▶ **Assignment**:
Once the pictures are set aside, copy everything else in the records exactly.

▶ **Data for this exercise**:

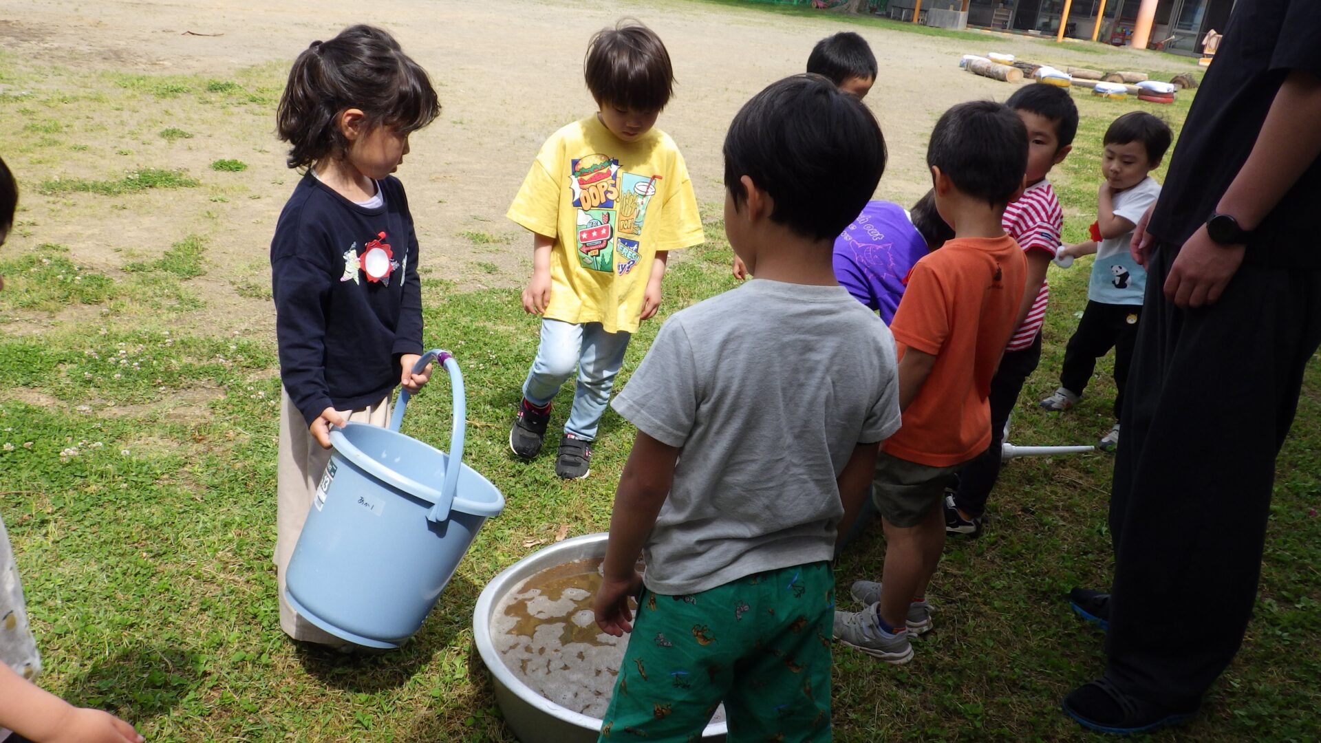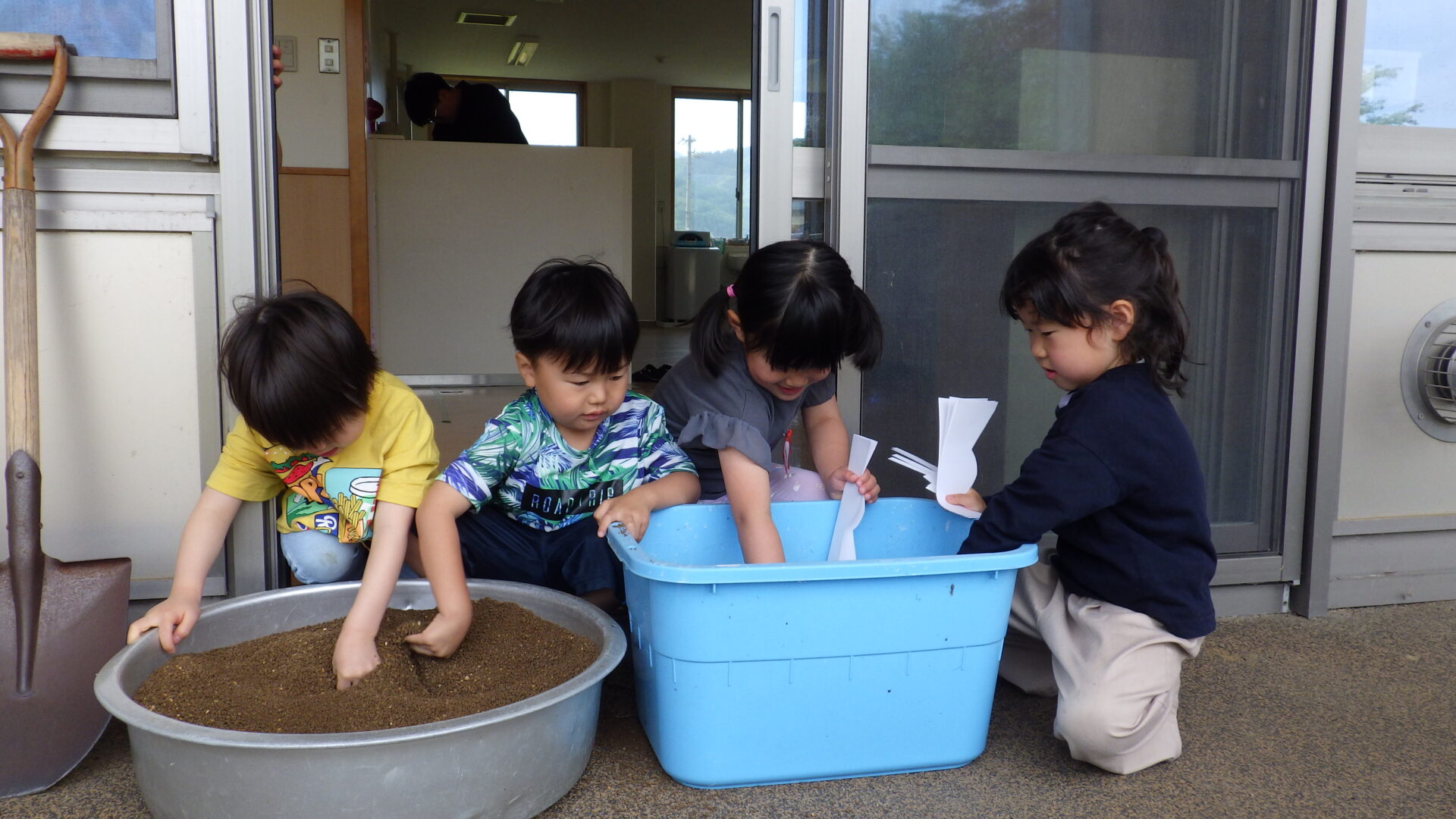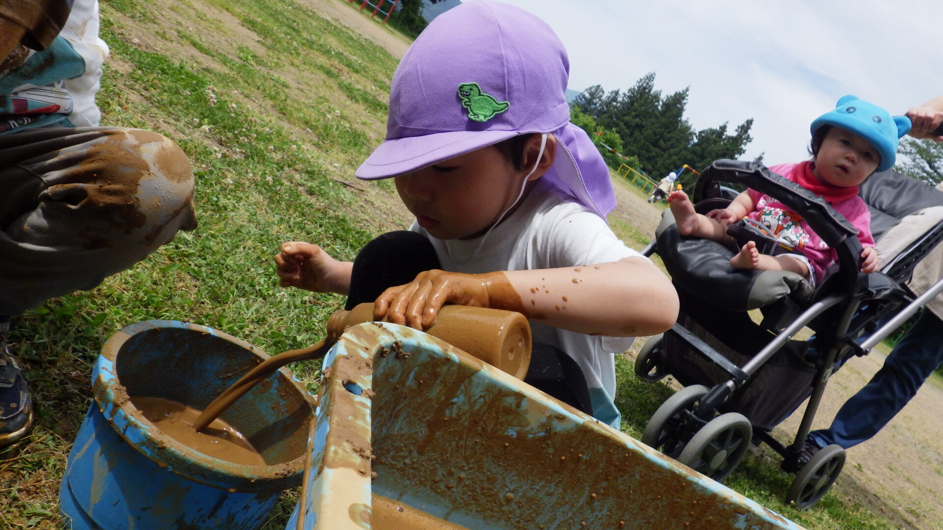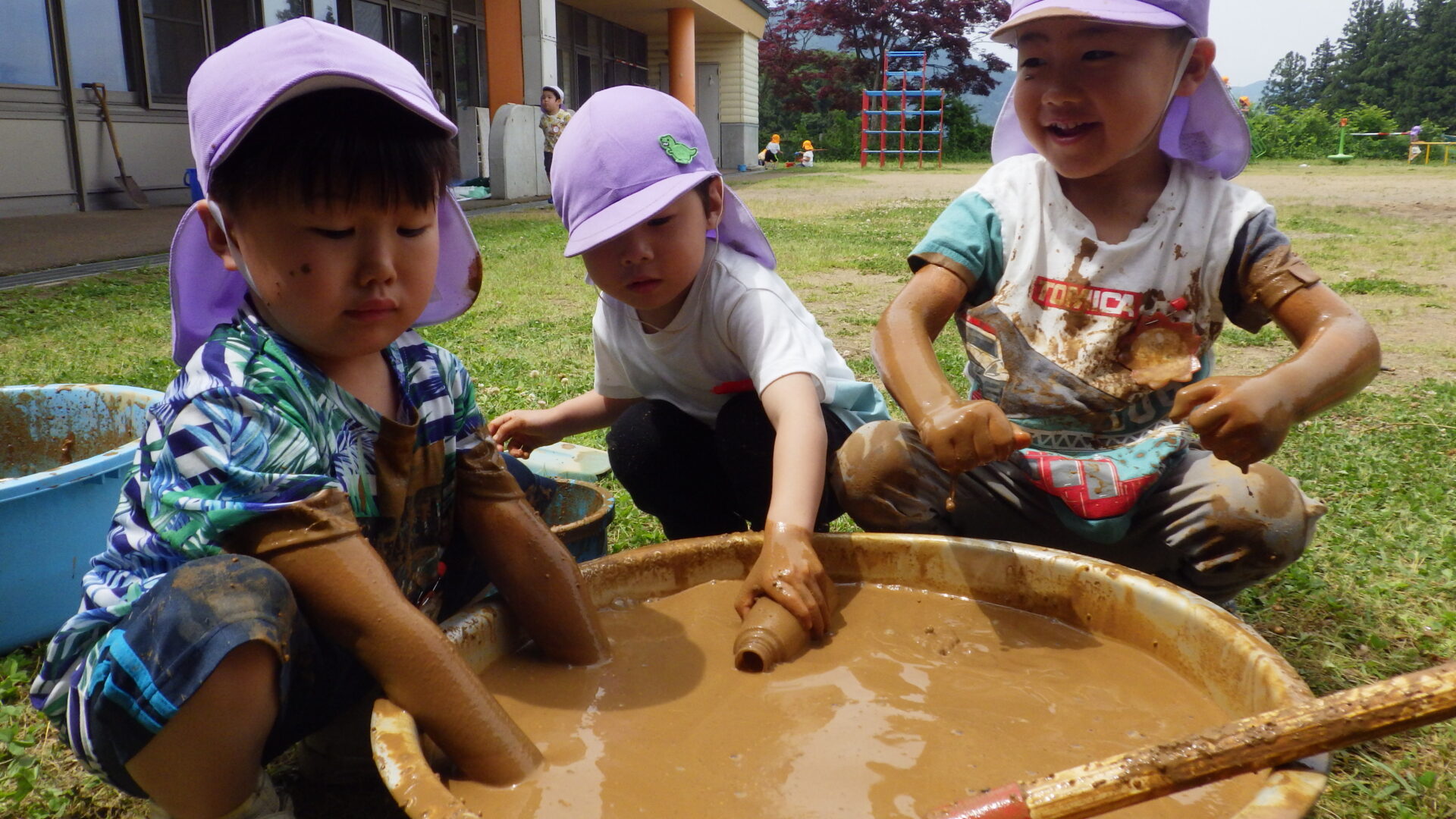 「泥団子できた!」 「シャベルでかんませればいいんじゃない?」
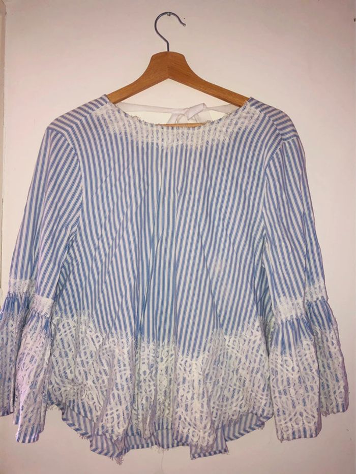Superbe blouse Zara rayée manches larges et dentelles portée une fois parfait état
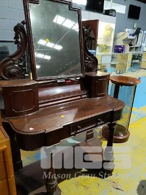 VINTAGE MAHOGANY DRESSER, 2 x DRAWERS/DOORS, TILT MIRROR
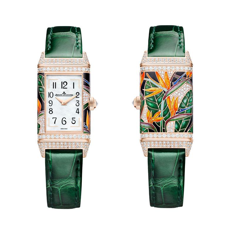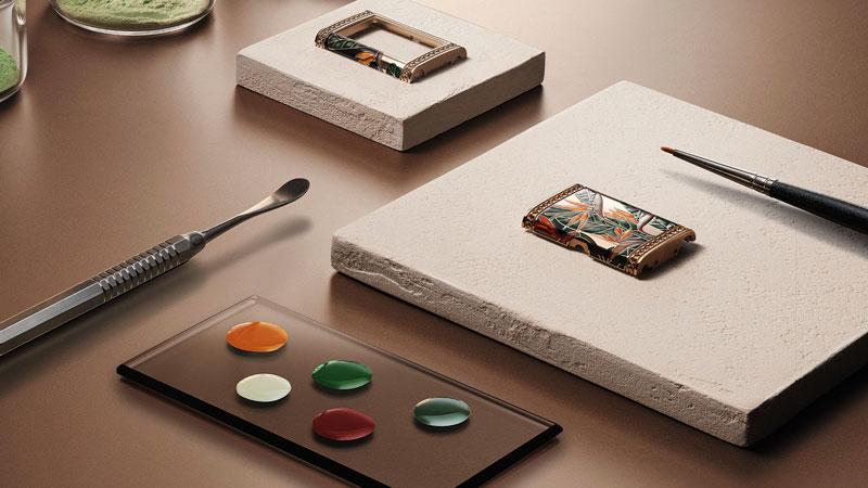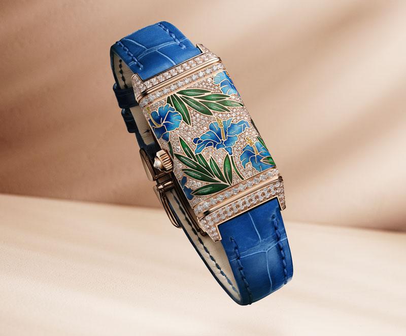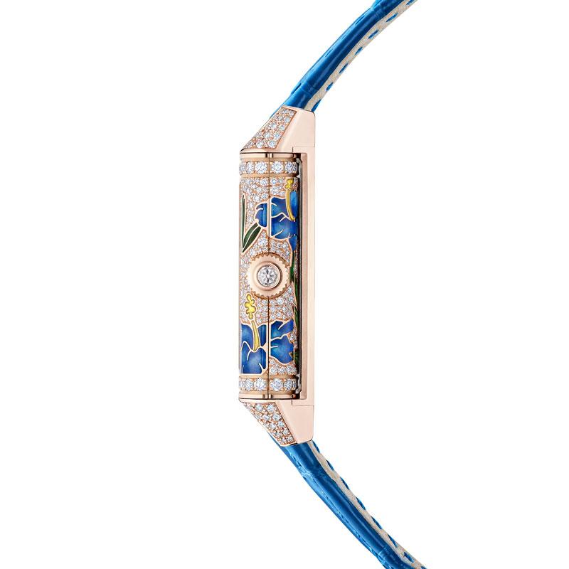Este año, la Grande Maison enriquece la colección con tres nuevos modelos de oro rosa que aportan frescura a la colección. Estos exquisitos relojes, disponibles en una edición limitada de 10 piezas cada una, unen los oficios artísticos del esmaltado, el paillonnage ( embellecimiento del esmalte con motivos decorativos diminutos) en pan de oro y el engaste.
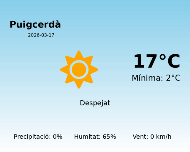 En resum, Puigcerdà viurà un dia assolellat, tranquil i sense precipitacions. Perfecte per gaudir entorn a l’aire lliure o per passejar pel bonic entorn natural que envolta aquest indret.

▶ **Problem solution**:
 「泥団子できた!」 「シャベルでかんませればいいんじゃない?」
Superbe blouse Zara rayée manches larges et dentelles portée une fois parfait état
 VINTAGE MAHOGANY DRESSER, 2 x DRAWERS/DOORS, TILT MIRROR
Este año, la Grande Maison enriquece la colección con tres nuevos modelos de oro rosa que aportan frescura a la colección. Estos exquisitos relojes, disponibles en una edición limitada de 10 piezas cada una, unen los oficios artísticos del esmaltado, el paillonnage ( embellecimiento del esmalte con motivos decorativos diminutos) en pan de oro y el engaste.
 En resum, Puigcerdà viurà un dia assolellat, tranquil i sense precipitacions. Perfecte per gaudir entorn a l’aire lliure o per passejar pel bonic entorn natural que envolta aquest indret.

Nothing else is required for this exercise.